• TASK DESCRIPTION: In the records below, find the lines that include "papp" and copy each.

(Stored items)
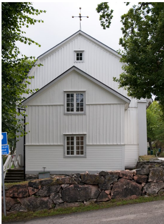
Exteriör från nordost.

nen, ligger för närvarande enbart papp på långhusets tak i väntan på beslut om lämpligt tak-täckningsmaterial. Kyrkans entrédörr har rusticerad ekpanel, sakristians dörr har liggande målade brädpanel.
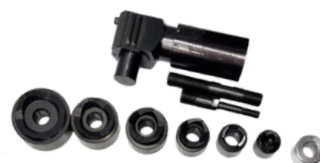
Sacabocado y Matrices
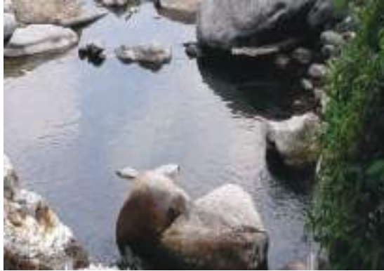
རོང་རྩེ་གི་སྤྱོད་མོ་ལག་རིང་མོ་གི་སྤྲུལ་མོ།

ལས་ཁ་ཡར་ལྷ་ལྷ་མ་ད་ ཤིང་དང་ནགས་ཚལ་གྱིས་གང་སྟེ་ རི་སྒོམ་སྟེ་མཐོང་ནི་ཡོད་མི་འདི་ སྤྱོད་མོ་ལག་ རིང་མོ་གི་གནས་ཁང་ འབྲིགས་བྱེད་རི་བེར་ སྤྲུལ་མི་འདི་ཡིན་ཟེར་བཤད་ནི་འདུག།
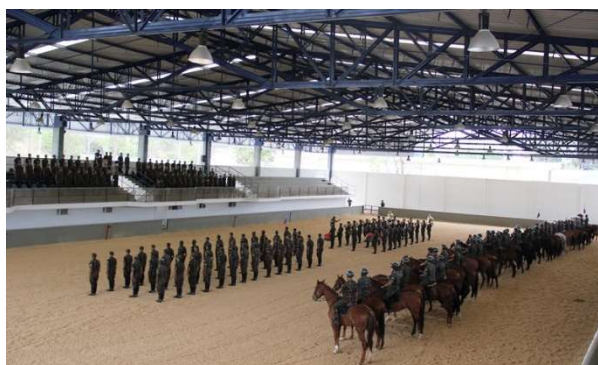
Parque Equestre General Eloy Menezes.

Possibilidades: arquibancada para 1.000 pessoas, auditório, salas, posto médico, pista de cross-country, 06 picadeiros abertos e 01 picadeiro coberto.
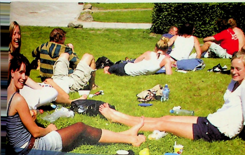
OMRÅDET mellom Musikkhøyskolen og MF har vært en byggeplass i lang tid. Nå er endelig de grønne og trivelige områdene i orden igjen og studentene nyter sommeren.
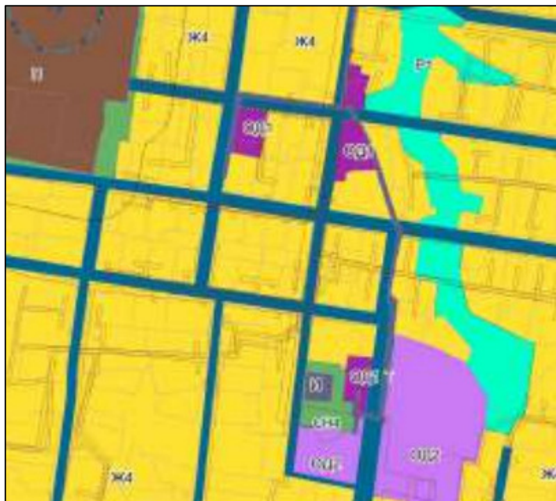
Рис. 2 – Фрагмент Карты градостроительного зонирования п. Дивья.

Градостроительным регламентом территориальной зоны застройки индивидуальными жилыми домами (Ж-4) установлены основные, вспомогательные, условно разрешенные виды разрешенного использования земельных участков и объектов капитального строительства.
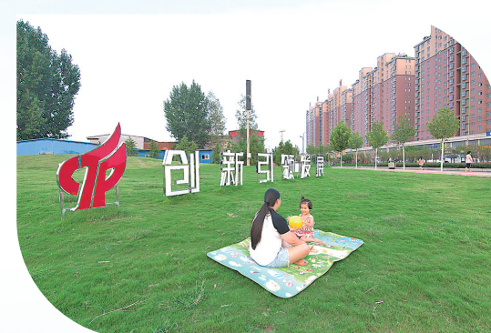
休闲娱乐
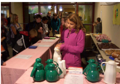
Der Verkauf ist ein voller Erfolg!

Abgesehen davon sollen den Schülerinnen und Schülern im Rahmen des Orientierungsangebots bereits frühzeitig Einblicke in die Berufs- und Arbeitswelt gegeben werden. In diesem Zusammenhang ist auch eine Betriebserkundung in einem Unternehmen der näheren Umgebung vorgesehen.
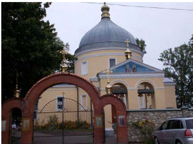
Церква Святих Петра і Павла в селі Світязь – вигляд з різних сторін.
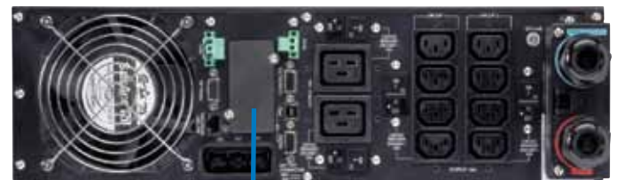
ИБП Eaton 9PX с сетевой картой Network Card-MS (внизу)
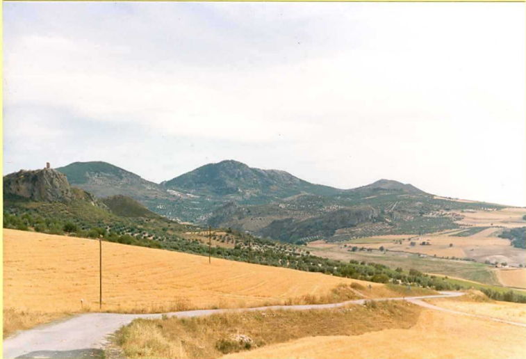
9194 Vista general del complejo tectosedimentario Oligo-Aquitaniense. Unidad 35.
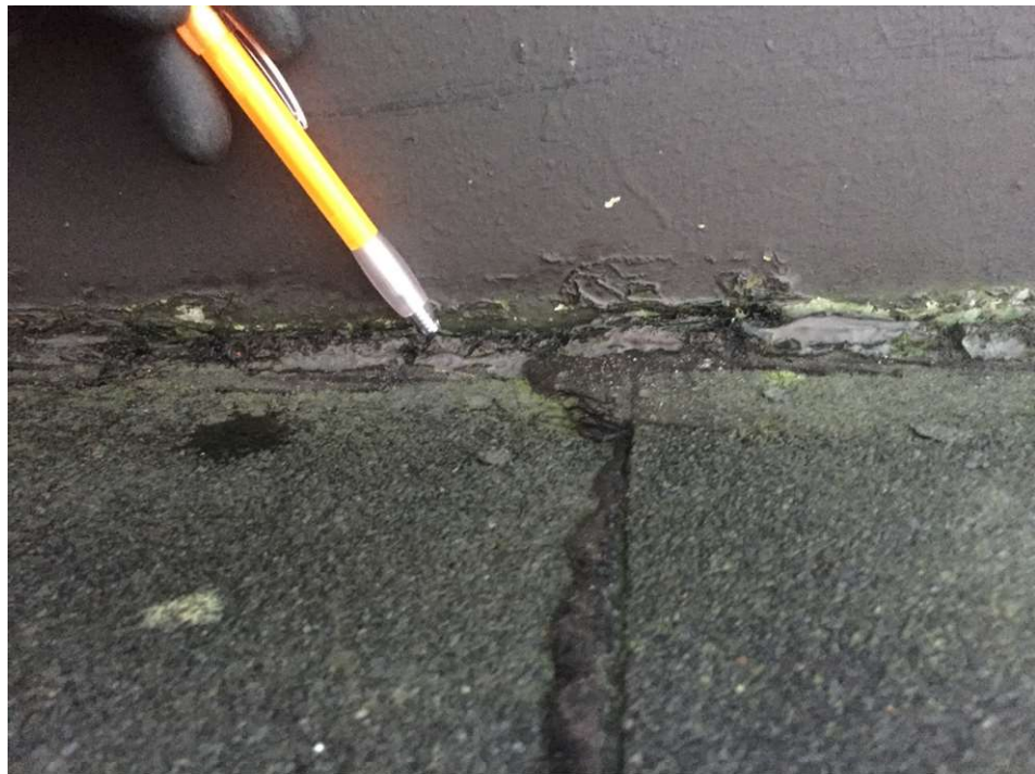
Visar anslutning mellan papp och plåt på ventilations huv som ej är intäkt. Pennan går att sticka in i sprickor som är en läckagerisk. Detta är Bild 3
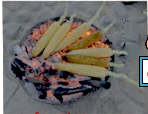
چوب یا زغال سنگ
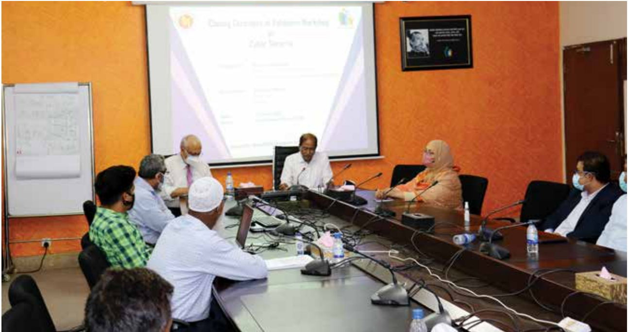
সাইবার সিকিউরিটি স্ট্যান্ডার্ড ভ্যালিডেশন কর্মশালার সমাপনী অনুষ্ঠান

ভেলিডেশন কর্মশালায় ভেলিডেশনকৃত সিএস ও সিএডি জাতীয় দক্ষতা উন্নয়ন কর্তৃপক্ষের সভায় অনুমোদন গ্রহণ করা হয়। কর্তৃপক্ষের সভার সিদ্ধান্ত অনুযায়ী অনুমোদিত সিএস/সিএডি ১৭ সদস্য বিশিষ্ট কর্তৃপক্ষের কার্যনির্বাহী কমিটির বোর্ড সভায় উপস্থাপনের জন্য প্রধানমন্ত্রীর কার্যালয়ে প্রেরণ করা হয় এবং সভার সিদ্ধান্ত অনুযায়ী তা অনুমোদিত হয়।
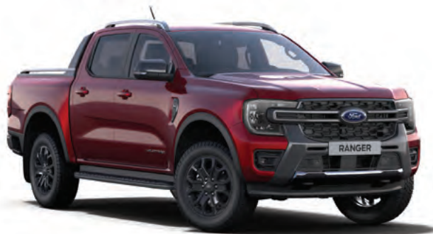
LUCID RED - LAKIER SPECJALNY 3 700,- | lakier niedostępny dla wersji Wildtrak X

• ANSWER TO THIS TASK:
nen, ligger för närvarande enbart papp på långhusets tak i väntan på beslut om lämpligt tak-täckningsmaterial. Kyrkans entrédörr har rusticerad ekpanel, sakristians dörr har liggande målade brädpanel.
Visar anslutning mellan papp och plåt på ventilations huv som ej är intäkt. Pennan går att sticka in i sprickor som är en läckagerisk. Detta är Bild 3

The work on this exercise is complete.